• _What you are asked to do_: Here is the task for the records below: repeat exactly the lines from the one with "Administrația Națională de" to the one with "由《理財(cái)周刊》、《", both included, and nothing else.

====== Exercise material

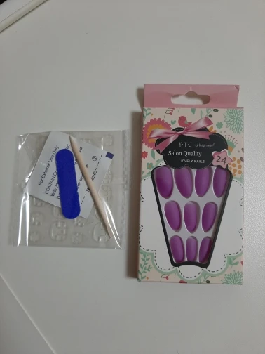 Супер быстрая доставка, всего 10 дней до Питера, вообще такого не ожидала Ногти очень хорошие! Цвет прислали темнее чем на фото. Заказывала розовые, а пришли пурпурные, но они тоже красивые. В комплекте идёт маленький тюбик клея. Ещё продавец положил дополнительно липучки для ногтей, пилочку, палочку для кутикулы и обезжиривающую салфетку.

============
====== Exercise material

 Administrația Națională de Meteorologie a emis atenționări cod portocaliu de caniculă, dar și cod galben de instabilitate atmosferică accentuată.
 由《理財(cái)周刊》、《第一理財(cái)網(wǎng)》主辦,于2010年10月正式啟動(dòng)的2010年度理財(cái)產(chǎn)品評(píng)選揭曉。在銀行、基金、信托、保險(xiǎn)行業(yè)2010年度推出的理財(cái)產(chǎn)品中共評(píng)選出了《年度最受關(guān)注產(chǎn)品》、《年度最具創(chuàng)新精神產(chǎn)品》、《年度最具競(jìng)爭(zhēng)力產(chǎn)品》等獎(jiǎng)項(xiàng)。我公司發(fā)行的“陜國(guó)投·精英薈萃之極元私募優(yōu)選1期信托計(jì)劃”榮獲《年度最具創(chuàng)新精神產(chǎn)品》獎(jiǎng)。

============

• _Response box_:
 Administrația Națională de Meteorologie a emis atenționări cod portocaliu de caniculă, dar și cod galben de instabilitate atmosferică accentuată.
 由《理財(cái)周刊》、《第一理財(cái)網(wǎng)》主辦,于2010年10月正式啟動(dòng)的2010年度理財(cái)產(chǎn)品評(píng)選揭曉。在銀行、基金、信托、保險(xiǎn)行業(yè)2010年度推出的理財(cái)產(chǎn)品中共評(píng)選出了《年度最受關(guān)注產(chǎn)品》、《年度最具創(chuàng)新精神產(chǎn)品》、《年度最具競(jìng)爭(zhēng)力產(chǎn)品》等獎(jiǎng)項(xiàng)。我公司發(fā)行的“陜國(guó)投·精英薈萃之極元私募優(yōu)選1期信托計(jì)劃”榮獲《年度最具創(chuàng)新精神產(chǎn)品》獎(jiǎng)。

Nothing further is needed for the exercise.